- Steam cover art
- Developer: Area 35
- Publisher: Unties
- Director: Hiroaki Yura
- Platforms: PlayStation 4 Nintendo Switch Windows
- Release: 21 December 2017
- Genre: Turn-based tactics

= Tiny Metal =

2017 video game

Tiny Metal is a turn-based tactics video game developed by Area 35 and published by Unties. It was released for PlayStation 4, Nintendo Switch, and Windows in December 2017.

A follow-up, Tiny Metal: Full Metal Rumble, was released in July 2019 on Nintendo Switch and PC. A titled sequel, Tiny Metal 2, is scheduled to be released in 2026. An anime adaptation, titled Tiny Metal: Zero Line, has been announced.

==Gameplay==
Tiny Metal is a military-themed turn-based tactics video game.

==Development==
Tiny Metal is the debut game from Japanese video game development studio Area 35. The studio was founded in August 2016 by Hiroaki Yura who directed the game. At the game's release the studio had six full-time developers. Key influences of the game include Advance Wars and Warhammer 40,000.

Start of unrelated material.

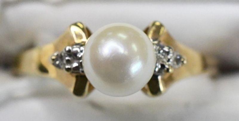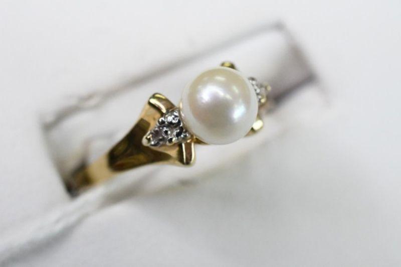 Beautiful 14K Yellow Gold Natural Diamond & Pearl Ring

The game was released on PlayStation 4, Nintendo Switch and Windows on 21 December 2017. The game was published by Unties, an indie gaming label that is part of Sony Music.

==Reception==

Tiny Metal received "mixed or average" reviews from critics according to review aggregator Metacritic.

Aggregate score
| Aggregator | Score |
|---|---|
| Metacritic | 71/100 (PC) 65/100 (Switch) |

Review scores
| Publication | Score |
|---|---|
| Destructoid | 5/10 |
| GameSpot | 7/10 |
| IGN | 6.8/10 |
| Nintendo Life | 9/10 |
| Hardcore Gamer | 4/5 |

==Anime adaptation==
An anime adaptation, titled Tiny Metal: Zero Line, was announced in July 2026. The anime will be produced by Safehouse and directed by Hiroyasu Kobayashi, with Yūsuke Kozaki designing the characters.